Identity and Access Management (IAM) on AWS is a fundamental service that helps you securely manage access to AWS services and resources. It enables you to control who is authenticated (signed in) and authorized (has permissions) to use AWS resources. Here’s a breakdown of the core components and best practices:
🔑 Core Concepts of IAM
- Users
- Represents individual people or services.
- Associated with credentials (password, access keys).
- Should not be used for applications in production; use roles instead.
- Groups
- Collections of IAM users.
- You assign permissions to groups, and all users in the group inherit those permissions.
- Policies
- JSON documents that define permissions.
- Can be attached to users, groups, or roles.
- Types:
- Managed Policies (AWS-managed or customer-managed)
- Inline Policies (embedded directly into a single user, group, or role)
- Roles
- IAM identities that can be assumed by users, services, or applications.
- Ideal for granting temporary access.
- Common use cases:
- EC2 instances assuming roles
- Cross-account access
- Federation with external identity providers (SAML, OIDC)
- Identity Providers (IdPs)
- Allows federation with external identities like:
- Microsoft Active Directory
- Google Workspace
- Okta, Azure AD
- SAML 2.0 or OIDC-compatible IdPs
- Allows federation with external identities like:
- Temporary Security Credentials
- Provided via STS (Security Token Service)
- Enables short-lived access to AWS resources
🔐 Security Best Practices
- Use least privilege principle: Grant only the permissions needed.
- Enable MFA (Multi-Factor Authentication) for all users.
- Use roles for applications instead of hardcoding access keys.
- Rotate credentials regularly, especially access keys.
- Use IAM Access Analyzer to audit and validate permissions.
- Monitor with CloudTrail and AWS Config for changes in IAM.
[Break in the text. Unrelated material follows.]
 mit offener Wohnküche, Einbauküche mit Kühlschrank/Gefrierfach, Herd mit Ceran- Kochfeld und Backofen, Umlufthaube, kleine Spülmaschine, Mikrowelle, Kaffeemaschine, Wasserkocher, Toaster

- Avoid root account for daily tasks; use it only for initial setup and create IAM users or roles afterward.
⚙️ Advanced IAM Features
- Service Control Policies (SCPs): Part of AWS Organizations; restrict what actions accounts within an organization can perform.
- Permission Boundaries: Limit the maximum permissions an IAM user or role can have.
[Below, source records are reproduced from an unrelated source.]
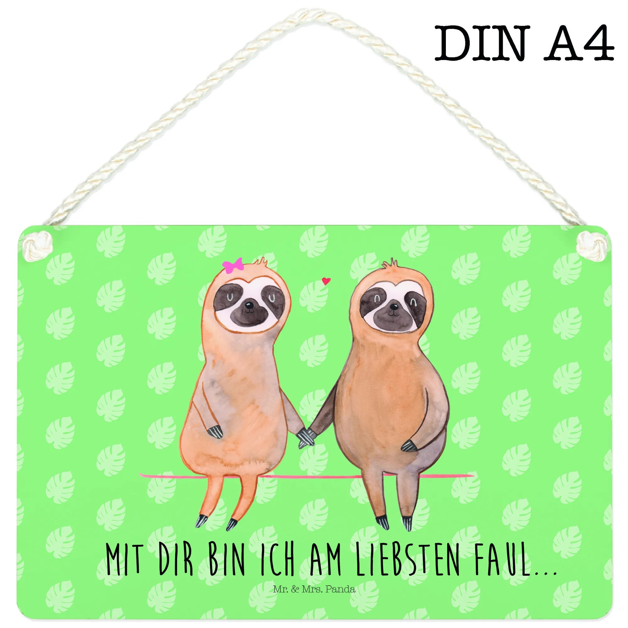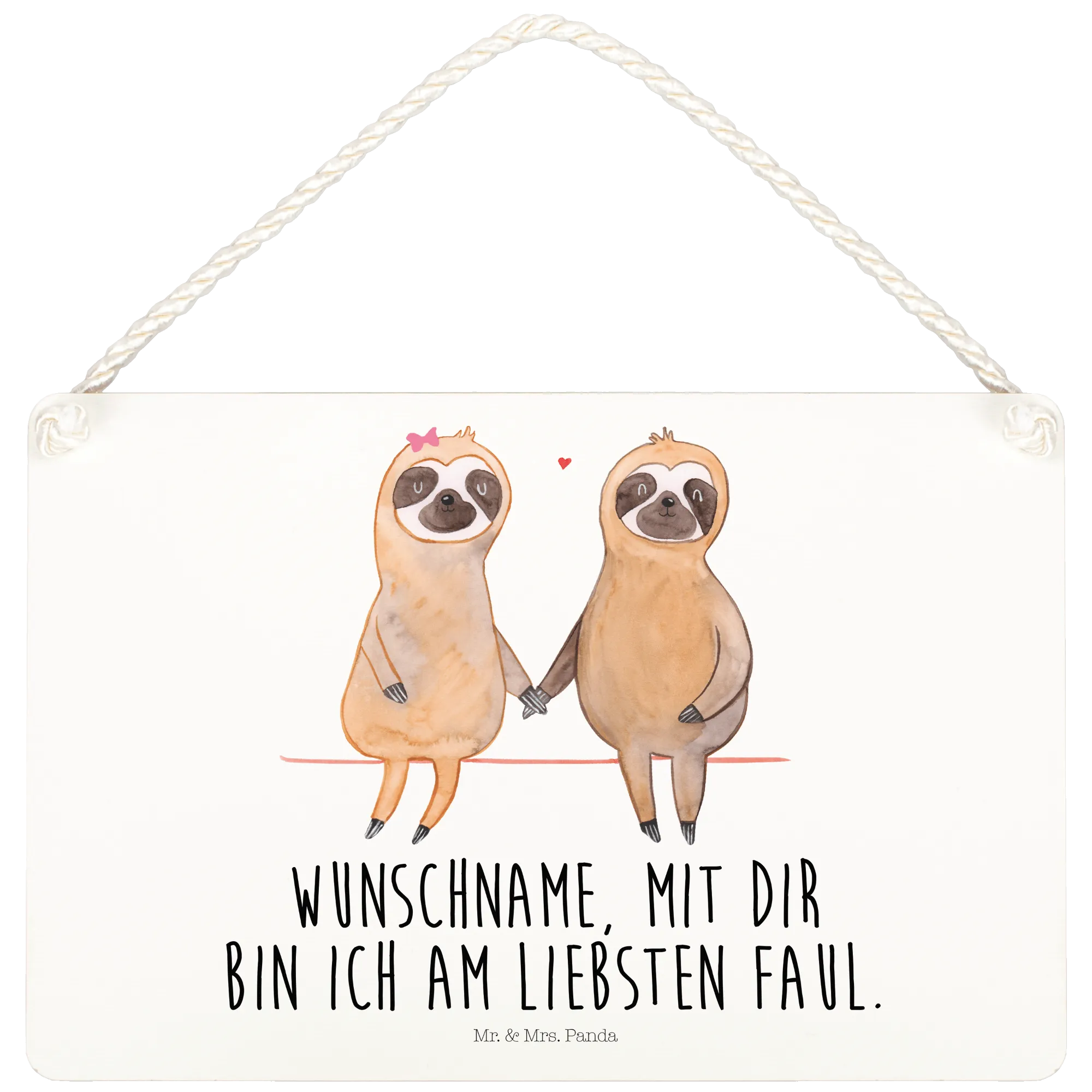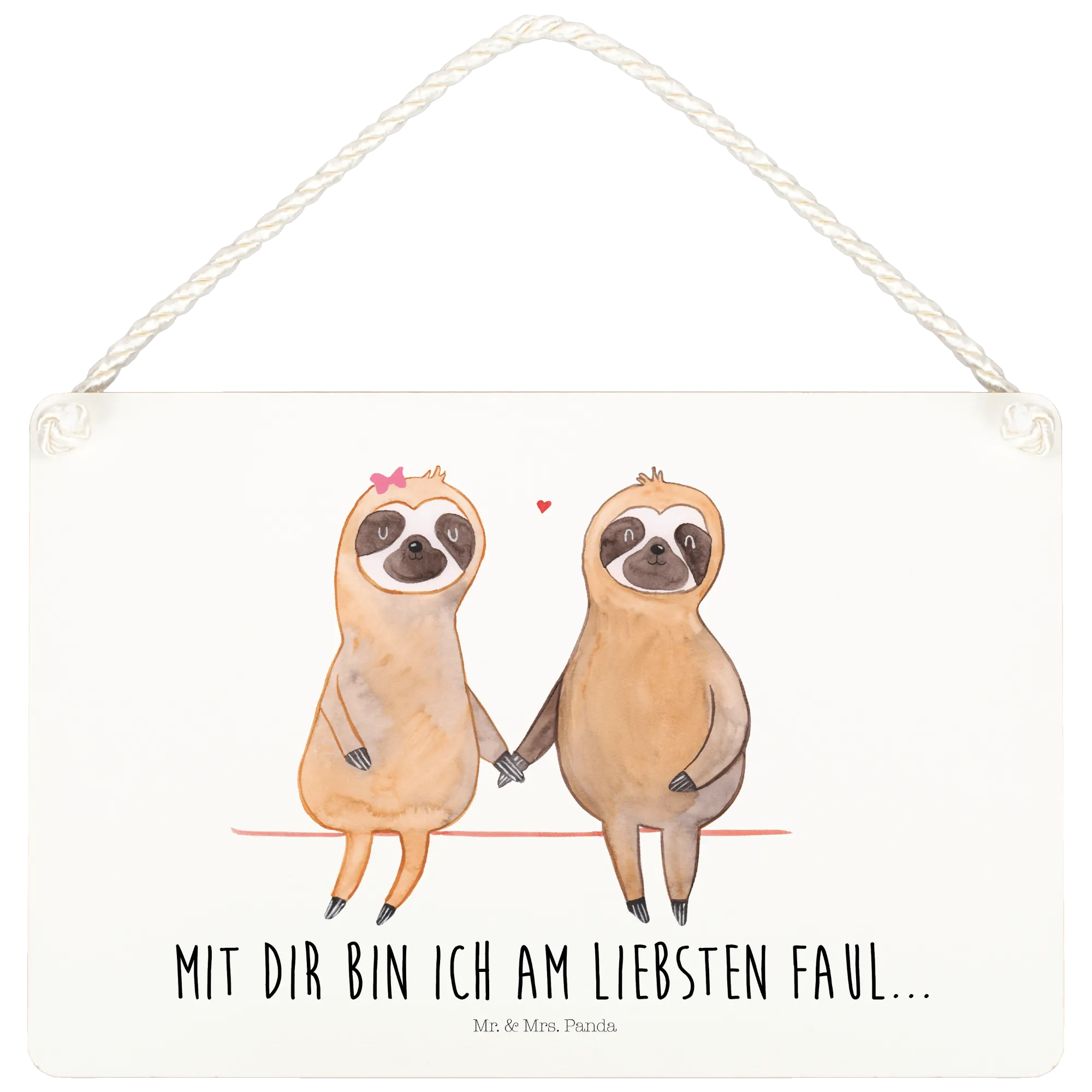 Looking for a unique and charming gift that perfectly embodies love and relaxation? Introducing the delightful Decorative Sign featuring a Sloth Couple from Mr. & Mrs. Panda’s Sloth Collection! This decorative sign is not only a piece of art but a celebration of lazy days, love, and serene moments shared together. With a unique watercolor illustration of two adorable sloths holding hands, this sign beautifully captures the essence of being lazy and enjoying life’s little moments with your favorite person.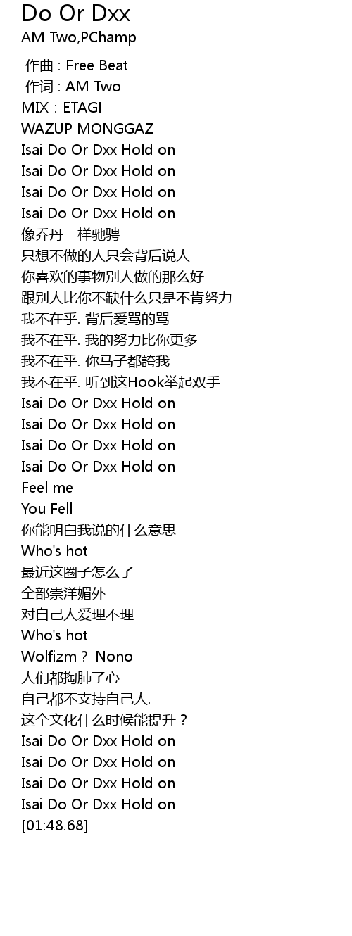 | [01:44.76] | Isai Do Or Dxx Hold on |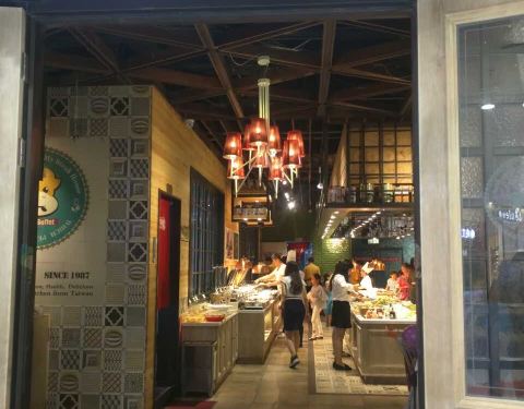 披萨还不错,水果还算新鲜,但好吃的不多,在台湾吃过,那边的牛排分量很大,菜品种类很多,很火爆,...

- IAM Conditions: Allow fine-grained access control (e.g., only from certain IPs, using MFA, or during a specific time).
- Attribute-Based Access Control (ABAC): Grant permissions based on tags.
🚀 Common Use Cases
- Assigning a role to an EC2 instance to access S3 without access keys.
- Using Cognito with IAM roles for federated mobile app authentication.
- Setting up cross-account access between dev and prod environments.
- Enforcing security policies across accounts with SCPs in Organizations.